You are viewing a plain text version of this content. The canonical link for it is here.
Posted to solr-user@lucene.apache.org by Andre Parodi <an...@gmail.com> on 2010/01/26 19:40:16 UTC

To store or not to store serialized objects in solr

Hi,

We currently are storing all of our data in sql database and use solr 
for indexing. We get a list of id's from solr and retrieve the data from 
the db.

We are considering storing all the data in solr to simplify 
administration and remove any synchronisation and are considering the 
following:

1. storing the data in individual fields in solr (indexed=true, store=true)
2. storing the data in a serialized form in a binary field in solr 
(using google proto buffers or similar) and keep the rest of the solr 
fields as indexed=true, stored=*false*.
3. keep as is. data stored in db and just keep solr fields as 
indexed=true, stored=false

Can anyone provide some advice in terms of performance of the different 
approaches. Are there any obvious pitfalls to option 1 and 2 that i need 
to be mindful of?

I am thinking option 2 would be the fastest as it would be reading the 
data in one contiguous block. Will be doing some preformance test to 
verify this soon.

FYI we are looking at 5-10M records, a serialised object is 500 to 1000 
bytes and we index approx 20 fields.

Thanks for any advice.
andre

Re: To store or not to store serialized objects in solr

Posted by Markus Jelsma <ma...@buyways.nl>.
Hello Andre,


We have used this approach before. We did keep all our data in a RDBMS but
added serialized objects to the index so we could simply query the record
and display it as is, without any hassle and SQL connections.
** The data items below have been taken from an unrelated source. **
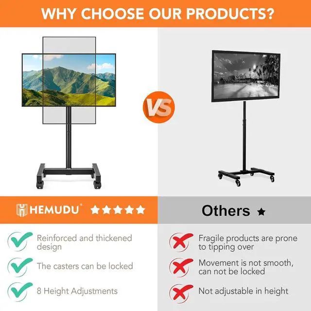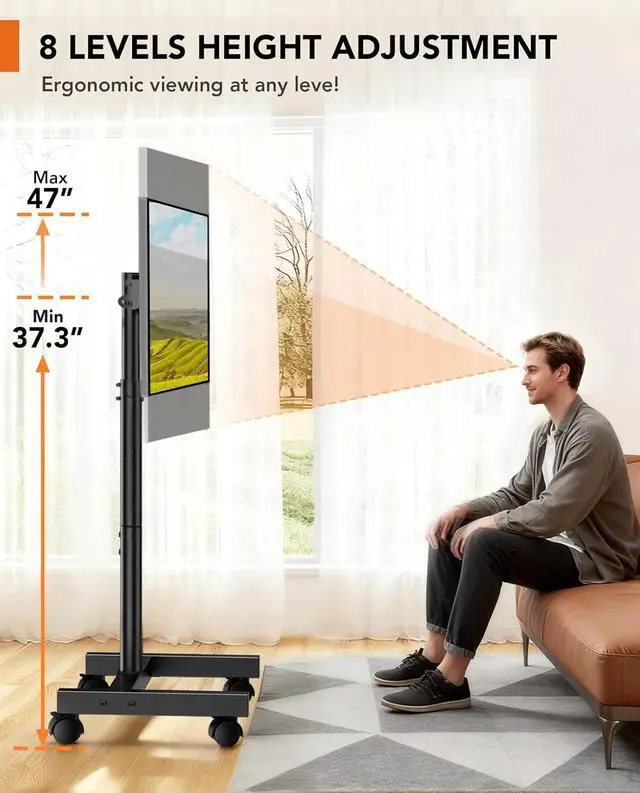 Compatibility: This tv mount stand fits most 13-50 inch flat/curved screens and monitors brands. The Mobile tv stand holds up to 44 lbs with VESA patterns 75x75mm to 200x200mm
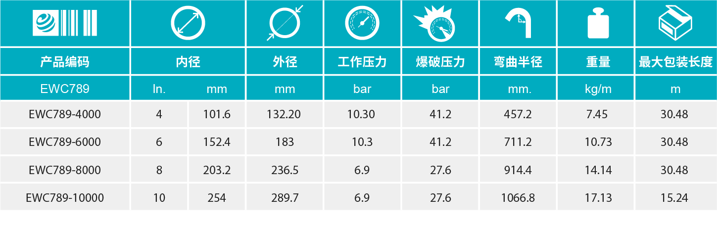 EWC789系列软管是款灵活的物料吸排管,用于下水道排污清洗作业,1/4"內胶具有优良的耐磨性和抗扭结性,内置金属丝可排静电,丁苯外层提供优异的防划性耐磨性和耐风化性。该管广泛应用于建筑,工业和下水道作业等领域。
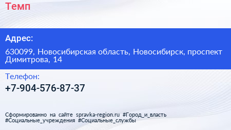 Темп по адресу 630099, Новосибирская область, Новосибирск, проспект Димитрова, 14 в дальнейшем Организация, размещена в следующих категориях:
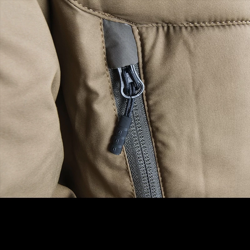 Dual waist-belt-compatible hand pockets, bicep pockets on both arms, and a single interior chest pocket offer secure storage for essential gear. A single-entry hunter’s pocket keeps gloves and hats close at hand, and also serves as a convenient stuff sack. To engage, turn the pocket inside out and stuff the jacket into the reversed pocket.
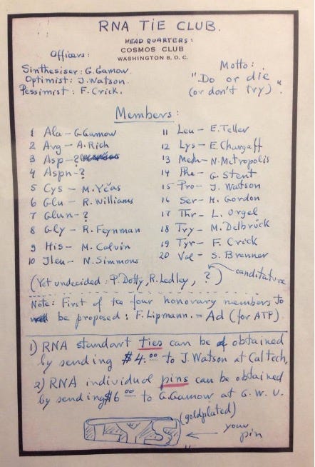 It was known that proteins in organisms were composed of 20 amino acids. Since DNA is a sequence made from 4 nucleotides (A: Adenine, C: Cytosine, G: Guanine and T: Thymine), it was clear that using two nucleotides to code for an amino acid is inadequate. Two nucleotides could only code for 42 = 16 amino acids. At a minimum, each amino acid must be represented by at least 3 nucleotides. Two physicists, George Gamow and Francis Crick, played a key (albeit futile) role in the search for this code. George Gamow was a theoretical physicist and cosmologist, who was intrigued by the challenge of deciphering the code. He believed that the best way to move forward to find the code was through collaborative effort, with the best scientists from different fields sharing their ideas and results. In 1954, he founded the "RNA Tie Club", with the aim of solving “the riddle of the RNA structure and to understand how it built proteins." The club had 20 regular members, one for each amino acid, and four honorary members, one for each nucleotide (see image above). The members all got woolen neckties designed by Gamow with an embroidered green-and-yellow helix. Many prominent scientists were members, eight of whom were or would become Nobel Laureates. Each member was identified by an amino acid. For example, James Watson was PRO for proline, Francis Crick was TYR for tyrosine and Sydney Brenner was VAL for valine.
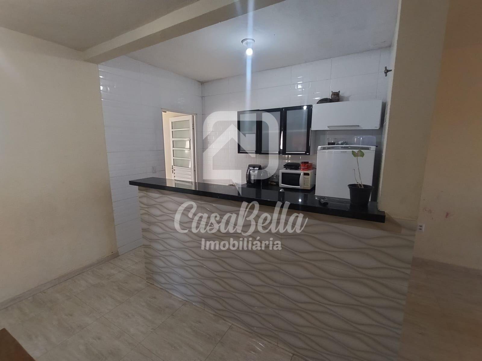 3 quartos, sala ampla, copa, cozinha, banheiro, lavanderia coberta, quarto externo, quintal, área de churrasqueira e garagem coberta para 2 carros
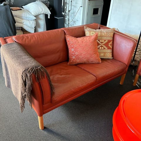 2 og 3 personers sofaer i rødt læder sælges samlet eller hver for sig
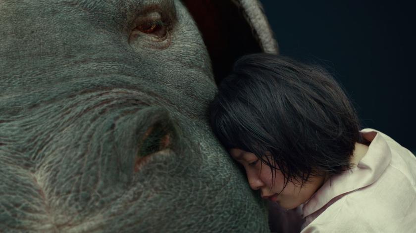 The titular star is a new breed of super-pig, a genetically modified gentle giant who looks more like a hippopotamus minus the jumbo incisors. We first meet her in the tree-blanketed Korean mountains where she enjoys an idyllic existence as a household pet cared for by her loving young companion Mija. As they frolic by pools and in the woods, their intense mutual bond is tested when Mija slides down a slippery scree and dangles over a cliff until she’s rescued by the clever, resourceful Okja.
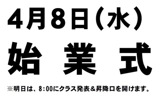 明日は8:00に新しいクラスが生徒昇降口付近に張り出されます。そして生徒昇降口が開くのも8:00です。早く来ても校舎内に入れませんので注意をしてください(明日の朝はとても冷え込む予報です・・・)。
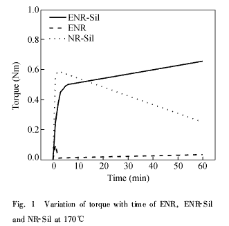 利用橡膠硫化儀對白炭黑與ENR之間的反應(yīng)溫度進(jìn)行確定[7~9].選取了3種樣品,ENR、填充白炭黑的ENR以及填充白炭黑的NR.圖1是在170℃下60min各體系扭矩隨時(shí)間的變化情況.ENR在整個(gè)過程中扭矩幅度很小的上升;而白炭黑填充的NR扭矩隨著時(shí)間的延長逐漸下降,這是因?yàn)镹R本身不能與白炭黑發(fā)生反應(yīng),在高溫下NR迅速降解,所以引起扭矩的下降;白炭黑與ENR混合體系的扭矩逐步增大,體系扭矩的增大一般是因?yàn)榘l(fā)生了某種交聯(lián)反應(yīng).
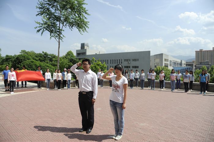 5月18日下午,我院学生党支部在二号教学楼前举行了隆重的入党宣誓仪式,张登铭、屈凡等12名优秀学生站在党旗下庄严宣誓,光荣加入了中国共产党。
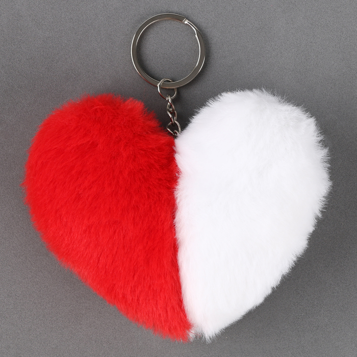 Брелок для ключей на кольце «Пушистик. Сердечко половинки», на сумку, рюкзак, 10 см, бело-красный
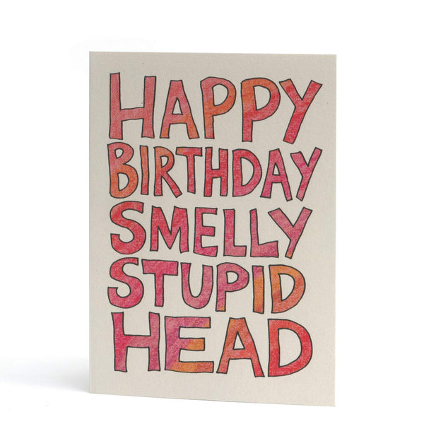 Smelly Stupid Head Birthday Card - illustrated by Claire Senior I love classy birthday cards. I also love very silly, childish birthday cards. This...

Although storing this data sounds a bit strange, it actually works well
and keeps things a bit simpler.

The performance of querying the index is the same (or with extremely tiny
differences). However, it does take some additional disk space and
transfer time for it to reach your application. On the other hand,
performance would surely be weaker if you would transfer the same data
(although in a not so verbose XML format) and need to connect and query a
SQL server.


Cheers,

Andre Parodi said:
> Hi,
>
> We currently are storing all of our data in sql database and use solr
> for indexing. We get a list of id's from solr and retrieve the data from
>  the db.
>
> We are considering storing all the data in solr to simplify
> administration and remove any synchronisation and are considering the
> following:
>
> 1. storing the data in individual fields in solr (indexed=true,
> store=true) 2. storing the data in a serialized form in a binary field
> in solr  (using google proto buffers or similar) and keep the rest of
> the solr  fields as indexed=true, stored=*false*.
> 3. keep as is. data stored in db and just keep solr fields as
> indexed=true, stored=false
>
> Can anyone provide some advice in terms of performance of the different
> approaches. Are there any obvious pitfalls to option 1 and 2 that i need
>  to be mindful of?
>
> I am thinking option 2 would be the fastest as it would be reading the
> data in one contiguous block. Will be doing some preformance test to
> verify this soon.
>
> FYI we are looking at 5-10M records, a serialised object is 500 to 1000
> bytes and we index approx 20 fields.
>
> Thanks for any advice.
> andre